If this court maintains that the order is not a final order, for clarification, this court should order that a notice of appeal is not due on any part of the order until September 6, 2020. The plaintiff may stand on her pleadings and appeal; or amend.
The petitioner, like most of the citizens of our nation, had her life turned upside-down by the Coronavirus Pandemic and does not know yet if she will amend or appeal.
The trial court should have denied motions to dismiss on all issues as the operative complaint was written, but Plaintiff can make the complaint withstand even the erroneous finding of flaws with alternative causes of action and additional causes of action. For example, where the Court decided the libel per se causes are subject to Arkansas law, plaintiff can change the name to “false light invasion of privacy” and plead alternatively by California law and Arkansas law.

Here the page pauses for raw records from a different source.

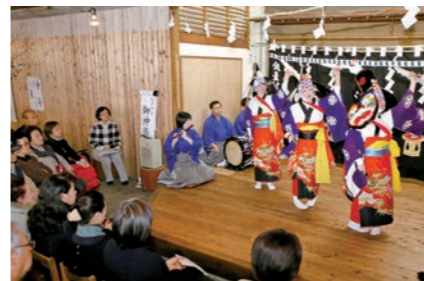
3月に高校を卒業したみなさんも出演

遠野文化研究センターと同実行委員会が主催した「町家で楽しむ女子神楽」が一日市商店街の旧三田屋で行われました。昔ながらの町家を舞台に、鱒沢・平倉・飯豊神楽の3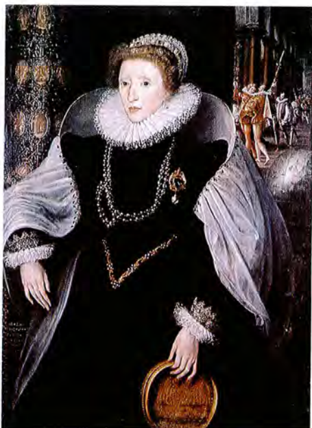
Isabel I de Inglaterra (1533-1603). Por Quentin Massys el Joven, s. xvi. Pinacoteca Nazionale, Siena.

No obstante, William Hawkins (6) proseguía activamente en Plymouth los preparativos de las fuerzas navales basadas allí. Los navíos Hope y Nonpareil estaban casi listos de carena, mientras el Revenge permanecía dispuesto para la botadura el 27 de febrero; se trabajaba de día y de noche, a la luz de antorchas y faroles, a pesar del mal tiempo reinante (7). El aumento de los costes de alistamiento de tan elevado número de navíos hizo que Hawkins se viese obligado en diciembre de 1587 a rescindir el contrato que había firmado en 1578 con la Corona inglesa para la reparación y el mantenimiento de todos los buques de la Reina por un importe de 5.714 libras anuales (8). Como consecuencia de ello, se volvió al antiguo sistema de presupuestar las obras navío por navío (9).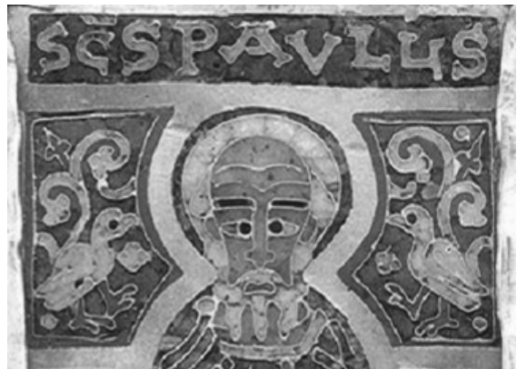
Madarak indákkal és az ár jelével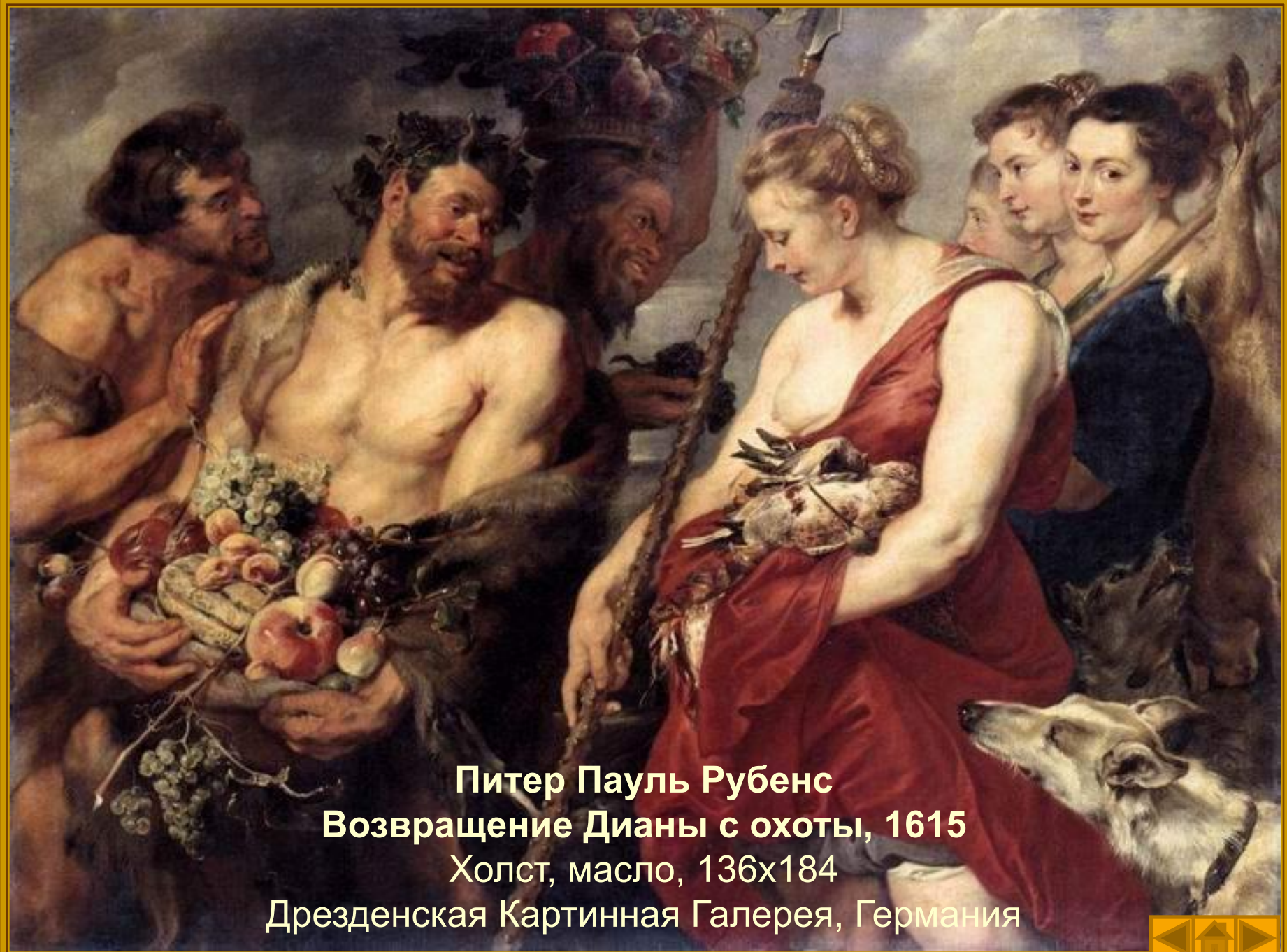
Питер Пауль Рубенс Возвращение Дианы с охоты, 1615 Холст, масло, 136x184 Дрезденская Картинная Галерея, Германия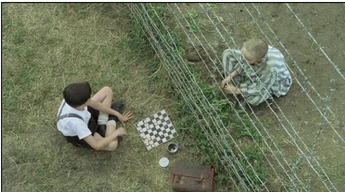
un plano cenital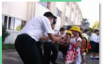
小中あいさつ運動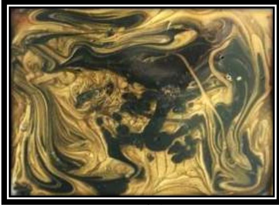
(شكل ١١) الخامات المستخدمة في الترخيم: لاكية وورنيش وأكاسيد معدنية.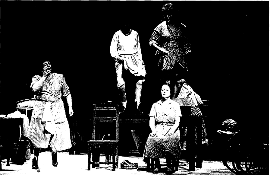
Danza de verano. (Argentina).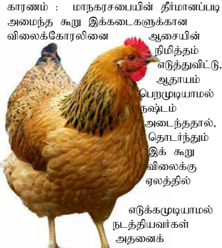
எடுக்கமுடியாமல் நடத்தியவர்கள் அதனைக்

மட்டு மாநகரப் பொதுச் சந்தையில் கடந்த அரை வருடமாக கோழி இறைச்சிக்கடைகள் இரண்டும் முடப்பட்டு இருக்கின்றன.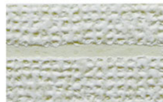
裏打ち紙まで達するキズが発生 (1～2級相当)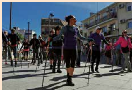
Marcha por la Igualdad del Club Nordic Walking La Maliciosa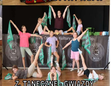
Z. TANECZNE - GWIAZDY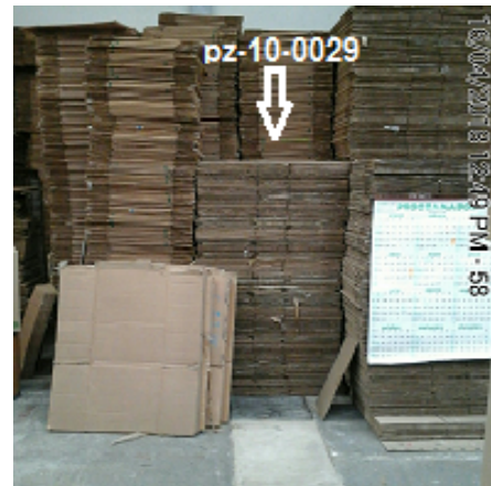
Fotografía 2. Vista General de la Ubicación de la boca del Pozo pz-10-0029.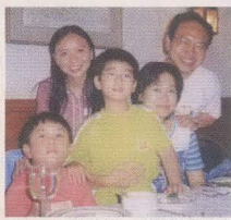
家人和第一個學妹 凌苑陶攝於雙魚河會所

不要以為學長計劃只是學長和學弟、妹的交流，其實我發覺這個計劃亦加強了學長們之間的溝通，亦增加了和書院的接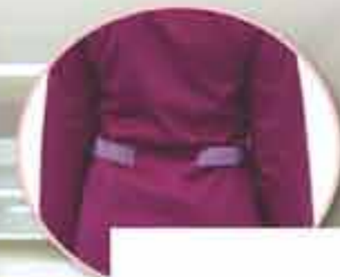
Tunika "Zdravka" Vel 36-54 Tkanina tpy II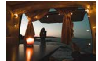
Halle 9.1 Camping und Abenteuer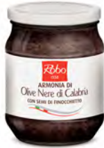
ARMONIA OLIVE NERE 530G 6U ROBO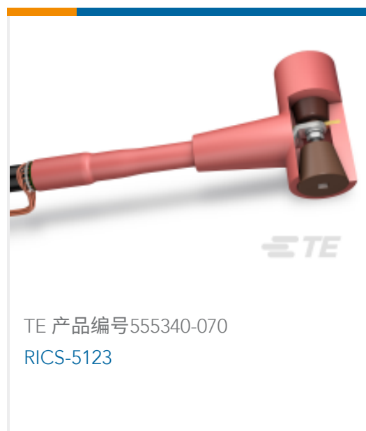
TE 产品编号555340-070 RICS-5123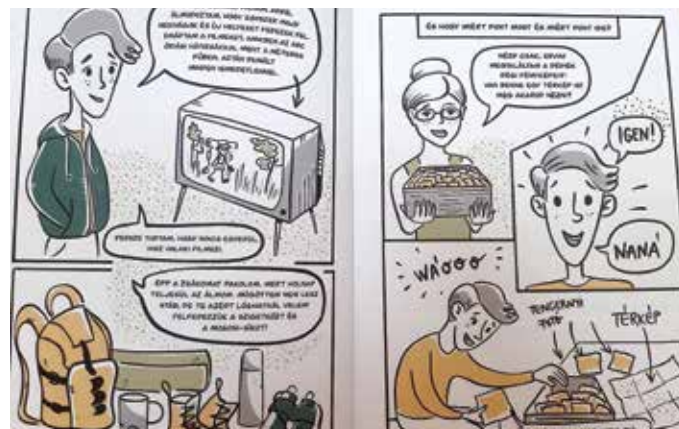
Beszámolót összeállította: Susovits Vera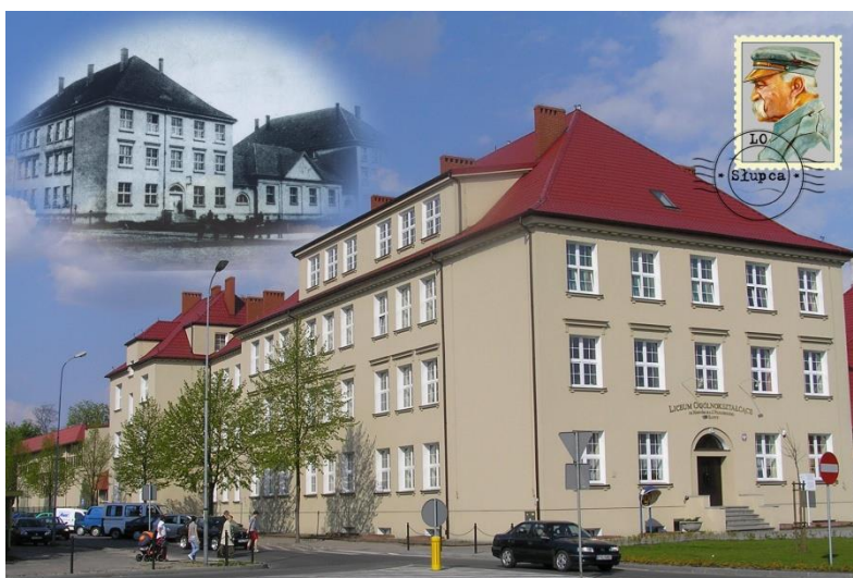
Budynek LO po remoncie, 2008 r.

W roku 2006 wyremontowano sekretariat liceum (drzwi, podłogę i ściany) oraz zakupiono nowe meble. Oddano do użytku także nowoczesnie wyposażoną salę audiowizualną w piwnicy szkoły (w pomieszczeniu byłej stołówki). W tym samym roku wymieniono także drzwi zewnętrzne, 17 okien oraz 9 drzwi wewnętrznych z szybami weneckimi.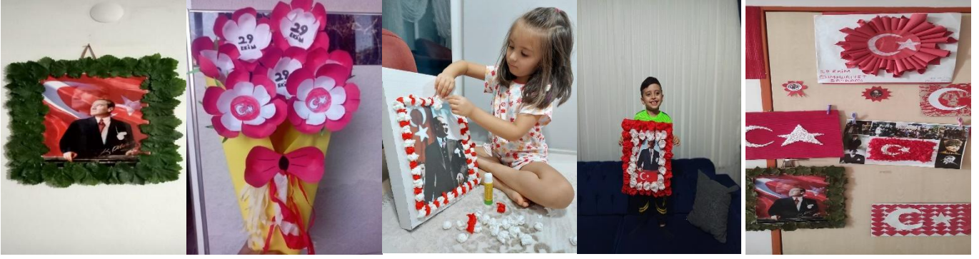
7- Atatürk ile ilgili gazete kağıtları ve atık malzemelerle sanat etkinliği yapıldı.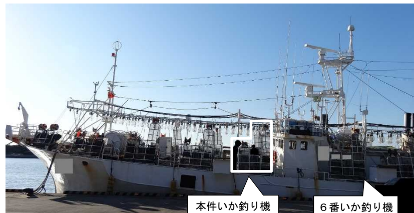
写真1 本船の状況（現場調査時）

船長は、02時25分ごろ小用のため、操舵室を出て左舷側の通路から船尾方に行くとき、舷外に出した本件いか釣り機の受け台（いかの落下防止用）の上で釣り針の絡みを解いている甲板員Aを、また、甲板上で船尾方を向いて6番いか釣り機の釣り針の絡みを解いている機関長をそれぞれ見掛けた。（写真1、写真2参照）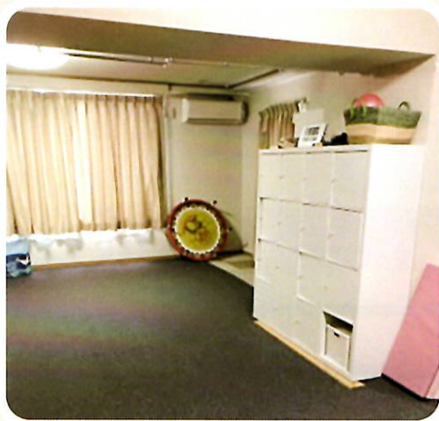
オープンスペース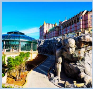
โซอู Eclipse Square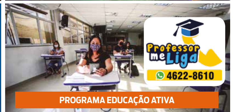
PROGRAMA EDUCAÇÃO ATIVA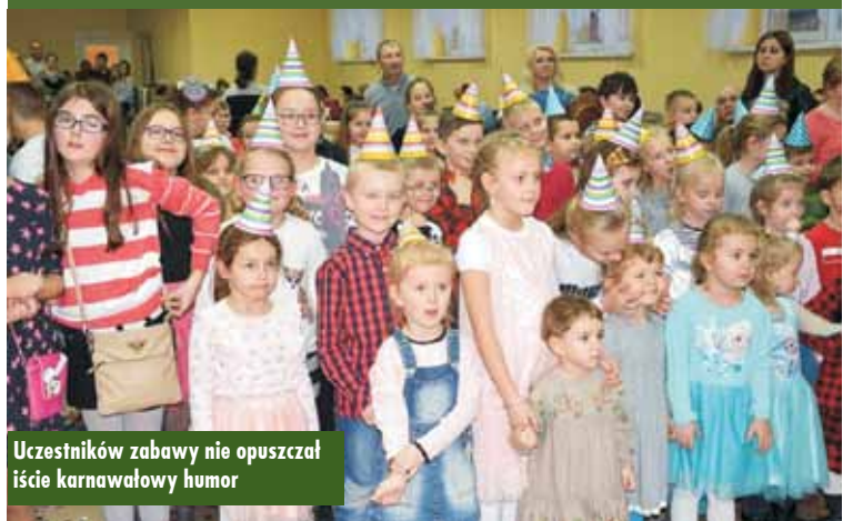
Uczestników zabawy nie opuszczał istic karnawałowy humor

4 lutego br. w Sali Wiejskiej w Trębaczowie odbyła się zabawa karnawałowa zorganizowana przez Zespół Szkół w Trębaczowie, Radę Rodziców oraz Towarzystwo Sympatyków Trębaczowa. W organizację imprezy już po raz drugi włączyła się Biblioteka Publiczna w Perzowie, za-

If this Court allows the appeal to proceed now with a stay on when the amendment is due, then plaintiff will have her brief on the two orders named on the notice of appeal ready in about two weeks. She will amend the remaining issues after the appeal is decided. An attorney will mediate on behalf of the petitioner if the defendants agree or this Court orders mediation.
If this court sends the case back to the district court without an appeal plaintiff prays for instructions for the presiding judge to recuse herself in the interest of justice and court economy.
Verification
The foregoing is true to the best of petitioner’s knowledge and belief and is sworn to under penalty of perjury according to the laws of the United States of America.